According to Iran-based Fars New Agency, Iran’s foreign trade exceeded $78bln during the first ten months of the current Iranian year (March 20, 2012-January 20, 2013) despite the sanctions and restrictions imposed by the West on Iran’s economy. “God willing, non-oil exports will equal (Iran’s) imports by the end of 1391 (march 19, 2013),” President Mahmoud Ahmedinejad said, adding, “That would be a great revolution in the country’s economy.”

While on the ground, the situation looks bleak and contrasting. Iran has a huge black market for currency trading which the government has been unable to curb. The Rial (Iranian currency) has lost its value many times over since the west imposed sanctions. A dollar which used to be approx. 8,300 Rials in 2004, is now worth approx. 12,300 Rials. The average family with a steady income is forced to ration its daily used products because of the decreasing value of money. While the rich finds the price of imported products fluctuate almost 30% in a day.

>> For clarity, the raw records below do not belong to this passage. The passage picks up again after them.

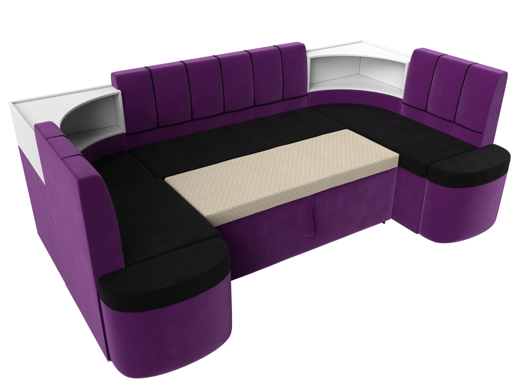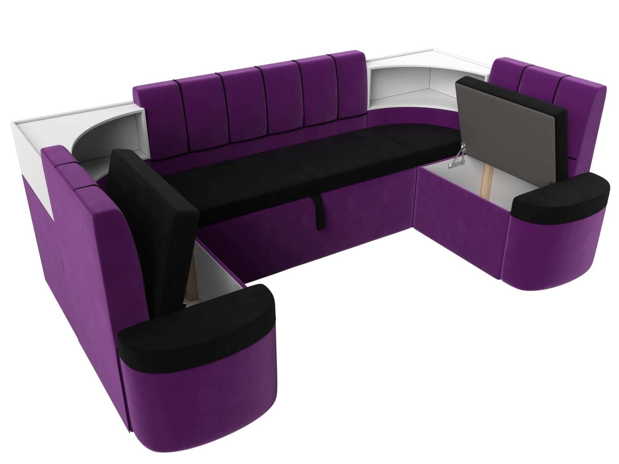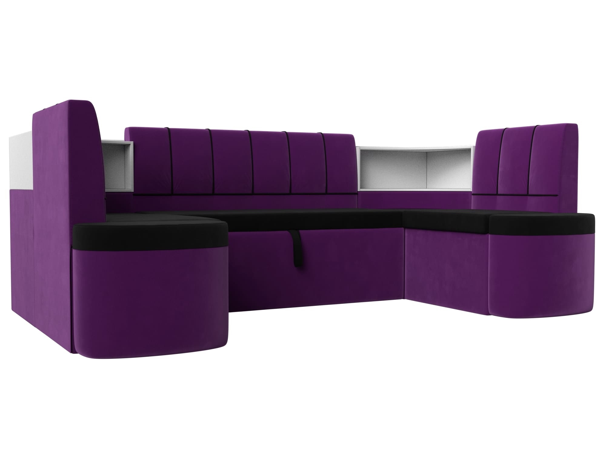 Отзывы о Столплит Кухонный П-образный диван Тефида, микровельвет Черный/Фиолетовый
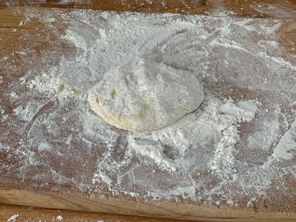 After proofing, lightly knead the dough out on your cutting board, with a bit more flour, and then cut into equal sized pieces, which you roll into a balls.
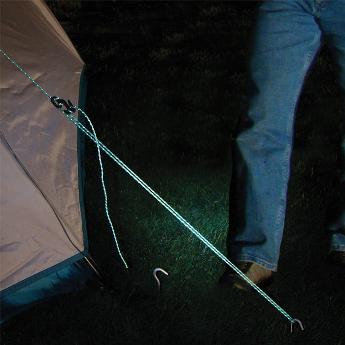 Reflektierende Zeltschnur, hergestellt von Nite Ize. Es eignet sich ideal zum Aufspannen eines Zeltes auf einem Campingausflug und verringert dank seiner reflektierenden Eigenschaften die Stolpergefahr bei Dunkelheit. Kleine Punkte entlang der Linie reflektieren effektiv das Licht von Taschenlampen, Scheinwerfern und Lampen.
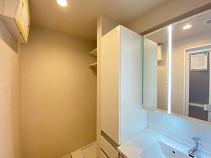 手元を照らしてくれる関節照明!広く使いやすい洗面台♪
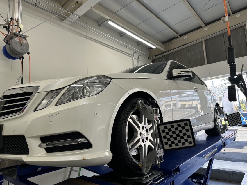 ベンツ Eクラスで持ち込み組み換え&アライメント調整!!
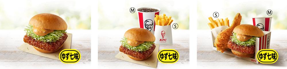 左から「和風チキンカツバーガー本格ゆず七味」「和風チキンカツバーガー本格ゆず七味セット」「和風チキンカツバーガー本格ゆず七味よくばりセット」イメージ
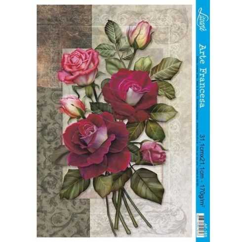 Papel para Arte Francesa 21x31cm - AF165 - Buquê de Rosas

Sanctions have profound effect on human vital resources. “More than anything else, we have a lack of medicines for patients suffering from cancer and multiple sclerosis,” former Iranian president Akbar Hashemi Rafsanjani told the conservative website “Tabnak”. “Those with thalassaemia or in need of dialysis are facing difficulties too – all because of sanctions against banks or problems with transferring foreign currency.”

“The sanctions imposed on the Islamic Republic of Iran have had significant effects on the general population, including an escalation in inflation, a rise in commodities and energy costs, an increase in the rate of unemployment and a shortage of necessary items, including medicine,” United Nations secretary-general Ban Ki-Moon said. “The sanctions also appear to be affecting humanitarian operations in the country,” he wrote. “Even companies that have obtained the requisite license to import food and medicine are facing difficulties in finding third-country banks to process the transactions.”